Problem to work on | Each line below from the line with "حين اجتمعت عليكم" to the line with "Mapped: China’s Military" must be copied exactly, including those two, and no picture may appear in the copy.

Records for processing |
= = = =

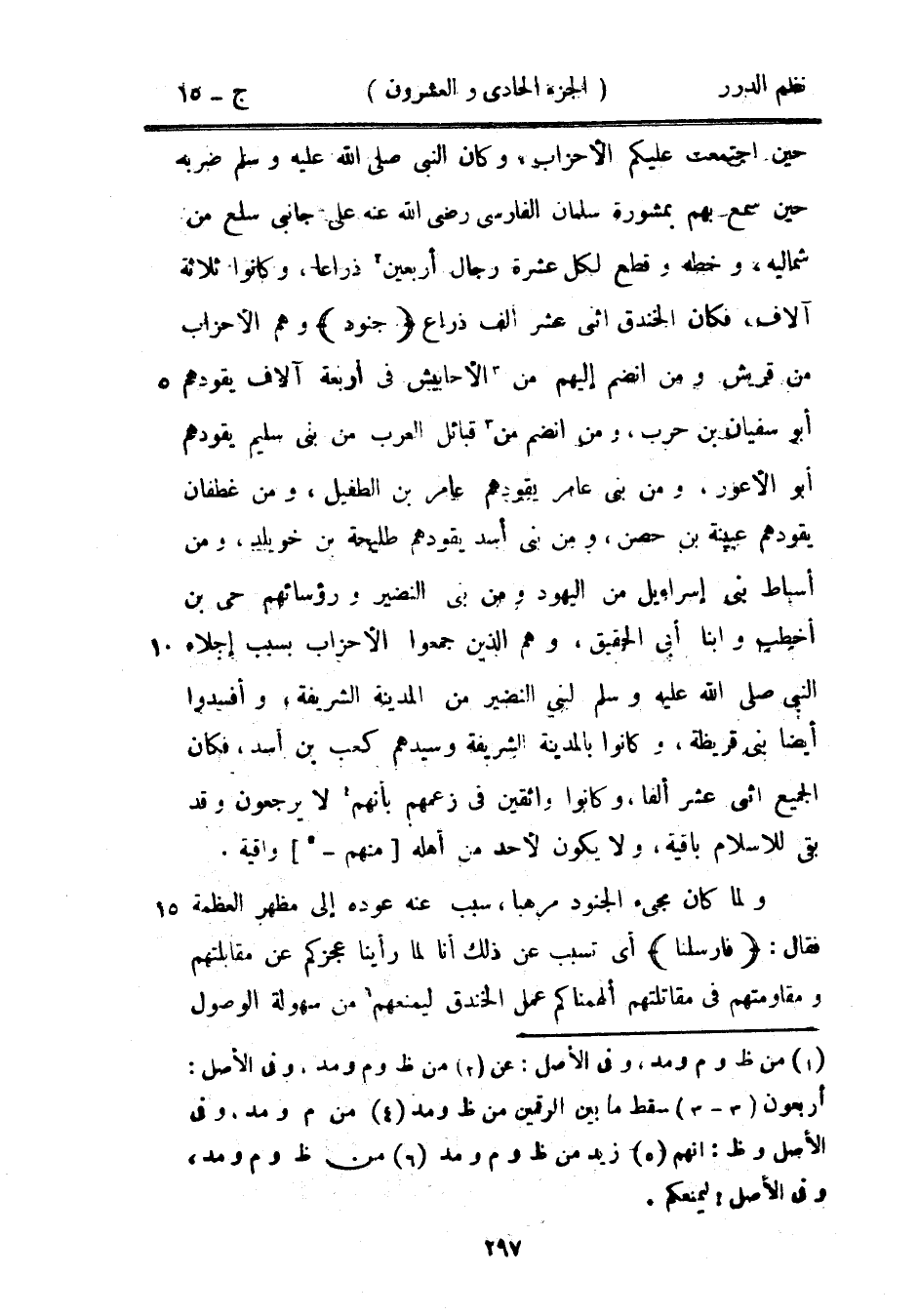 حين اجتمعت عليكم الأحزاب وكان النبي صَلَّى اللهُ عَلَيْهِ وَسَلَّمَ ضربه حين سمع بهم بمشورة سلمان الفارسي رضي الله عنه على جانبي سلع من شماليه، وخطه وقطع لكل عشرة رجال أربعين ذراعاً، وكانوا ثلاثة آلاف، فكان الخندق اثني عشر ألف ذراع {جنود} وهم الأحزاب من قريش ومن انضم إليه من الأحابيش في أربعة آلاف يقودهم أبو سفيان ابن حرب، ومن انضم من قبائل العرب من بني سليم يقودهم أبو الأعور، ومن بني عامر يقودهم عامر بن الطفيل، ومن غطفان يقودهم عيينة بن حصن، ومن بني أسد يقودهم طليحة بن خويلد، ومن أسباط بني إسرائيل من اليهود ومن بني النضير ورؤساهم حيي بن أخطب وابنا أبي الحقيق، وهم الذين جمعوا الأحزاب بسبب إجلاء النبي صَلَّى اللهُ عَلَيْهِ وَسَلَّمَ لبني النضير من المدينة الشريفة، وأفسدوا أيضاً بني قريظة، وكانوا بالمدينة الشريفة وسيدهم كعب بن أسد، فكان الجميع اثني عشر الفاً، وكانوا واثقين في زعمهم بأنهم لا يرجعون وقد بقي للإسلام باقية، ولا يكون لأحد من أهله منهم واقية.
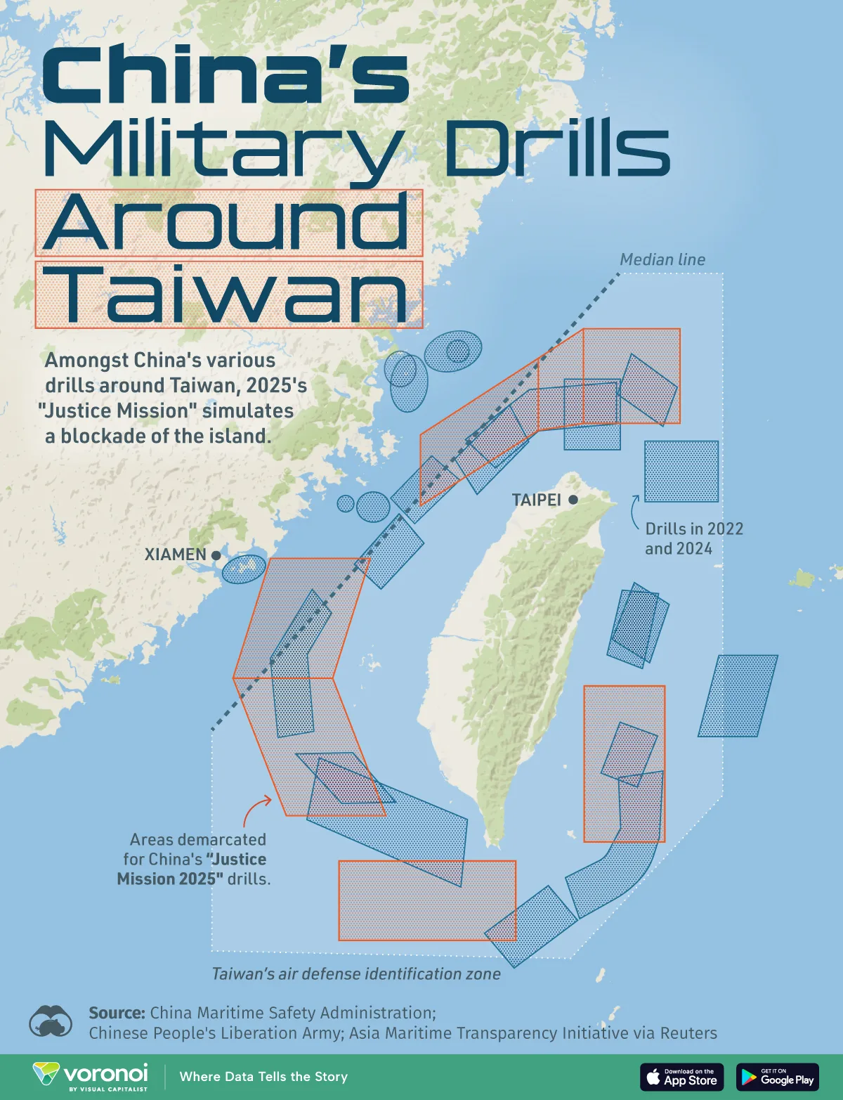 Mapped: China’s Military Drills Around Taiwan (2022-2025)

= = = =

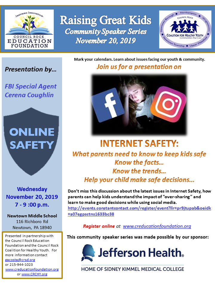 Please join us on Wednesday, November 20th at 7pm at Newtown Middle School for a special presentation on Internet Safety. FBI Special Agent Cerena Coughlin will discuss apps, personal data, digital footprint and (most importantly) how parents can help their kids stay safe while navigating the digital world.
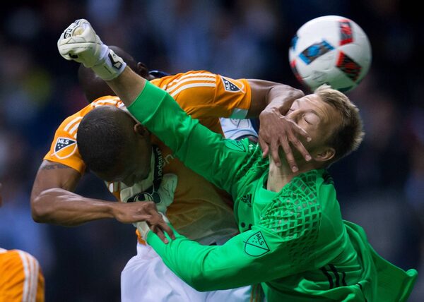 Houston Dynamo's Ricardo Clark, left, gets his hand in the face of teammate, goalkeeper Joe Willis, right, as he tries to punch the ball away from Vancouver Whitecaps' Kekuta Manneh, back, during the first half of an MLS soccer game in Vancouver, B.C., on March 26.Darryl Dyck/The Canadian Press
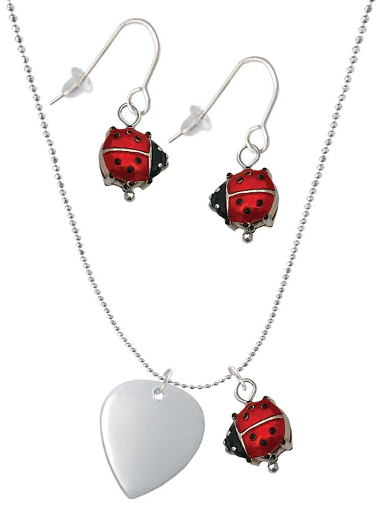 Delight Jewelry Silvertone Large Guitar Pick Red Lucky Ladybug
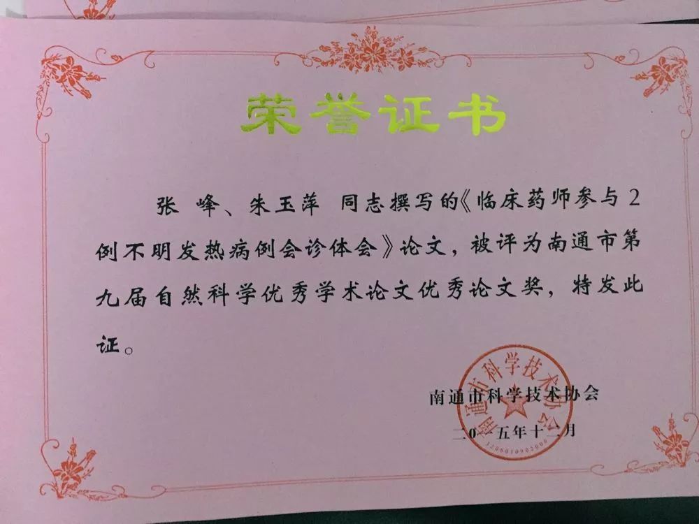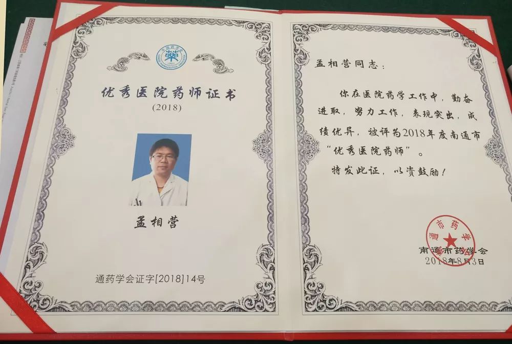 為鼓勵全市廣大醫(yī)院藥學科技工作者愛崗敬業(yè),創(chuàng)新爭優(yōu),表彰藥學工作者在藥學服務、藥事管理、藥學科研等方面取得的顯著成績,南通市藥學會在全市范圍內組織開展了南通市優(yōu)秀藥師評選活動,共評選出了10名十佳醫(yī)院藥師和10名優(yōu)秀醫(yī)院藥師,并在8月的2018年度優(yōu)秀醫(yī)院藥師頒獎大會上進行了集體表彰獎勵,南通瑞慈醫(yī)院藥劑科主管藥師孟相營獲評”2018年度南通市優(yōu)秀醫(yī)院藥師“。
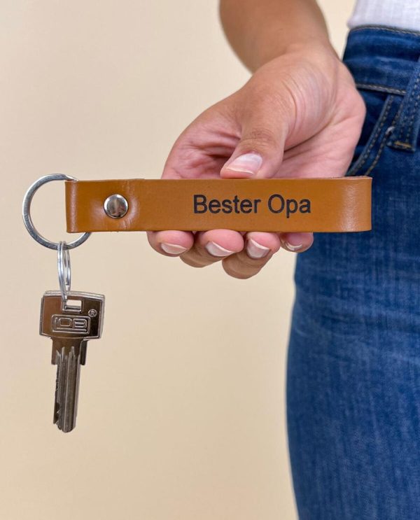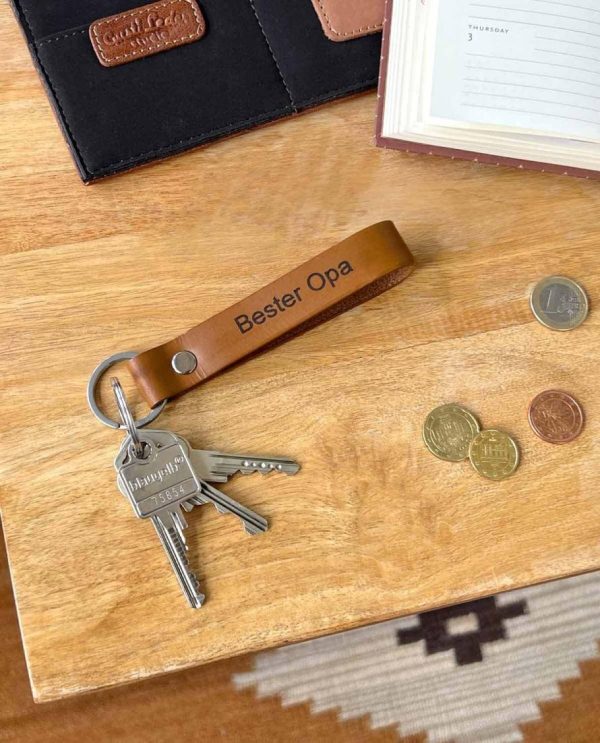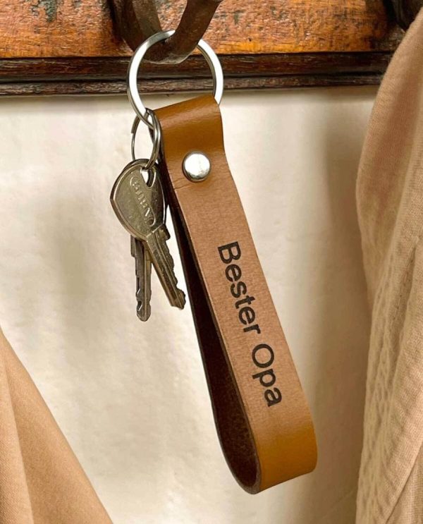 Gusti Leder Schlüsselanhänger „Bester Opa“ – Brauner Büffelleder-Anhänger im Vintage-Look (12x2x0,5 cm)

= = = =

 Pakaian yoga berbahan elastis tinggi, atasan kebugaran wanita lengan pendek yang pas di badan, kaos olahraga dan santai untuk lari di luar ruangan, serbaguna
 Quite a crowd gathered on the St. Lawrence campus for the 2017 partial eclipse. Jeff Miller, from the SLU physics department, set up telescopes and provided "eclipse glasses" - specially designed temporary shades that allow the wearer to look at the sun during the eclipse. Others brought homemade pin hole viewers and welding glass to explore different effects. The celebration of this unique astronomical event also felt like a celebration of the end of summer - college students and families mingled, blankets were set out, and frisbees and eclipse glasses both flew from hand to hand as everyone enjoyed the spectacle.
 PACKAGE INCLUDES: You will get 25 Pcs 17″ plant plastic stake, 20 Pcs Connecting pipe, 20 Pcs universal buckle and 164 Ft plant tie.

= = = =

Completed task |
 حين اجتمعت عليكم الأحزاب وكان النبي صَلَّى اللهُ عَلَيْهِ وَسَلَّمَ ضربه حين سمع بهم بمشورة سلمان الفارسي رضي الله عنه على جانبي سلع من شماليه، وخطه وقطع لكل عشرة رجال أربعين ذراعاً، وكانوا ثلاثة آلاف، فكان الخندق اثني عشر ألف ذراع {جنود} وهم الأحزاب من قريش ومن انضم إليه من الأحابيش في أربعة آلاف يقودهم أبو سفيان ابن حرب، ومن انضم من قبائل العرب من بني سليم يقودهم أبو الأعور، ومن بني عامر يقودهم عامر بن الطفيل، ومن غطفان يقودهم عيينة بن حصن، ومن بني أسد يقودهم طليحة بن خويلد، ومن أسباط بني إسرائيل من اليهود ومن بني النضير ورؤساهم حيي بن أخطب وابنا أبي الحقيق، وهم الذين جمعوا الأحزاب بسبب إجلاء النبي صَلَّى اللهُ عَلَيْهِ وَسَلَّمَ لبني النضير من المدينة الشريفة، وأفسدوا أيضاً بني قريظة، وكانوا بالمدينة الشريفة وسيدهم كعب بن أسد، فكان الجميع اثني عشر الفاً، وكانوا واثقين في زعمهم بأنهم لا يرجعون وقد بقي للإسلام باقية، ولا يكون لأحد من أهله منهم واقية.
 Mapped: China’s Military Drills Around Taiwan (2022-2025)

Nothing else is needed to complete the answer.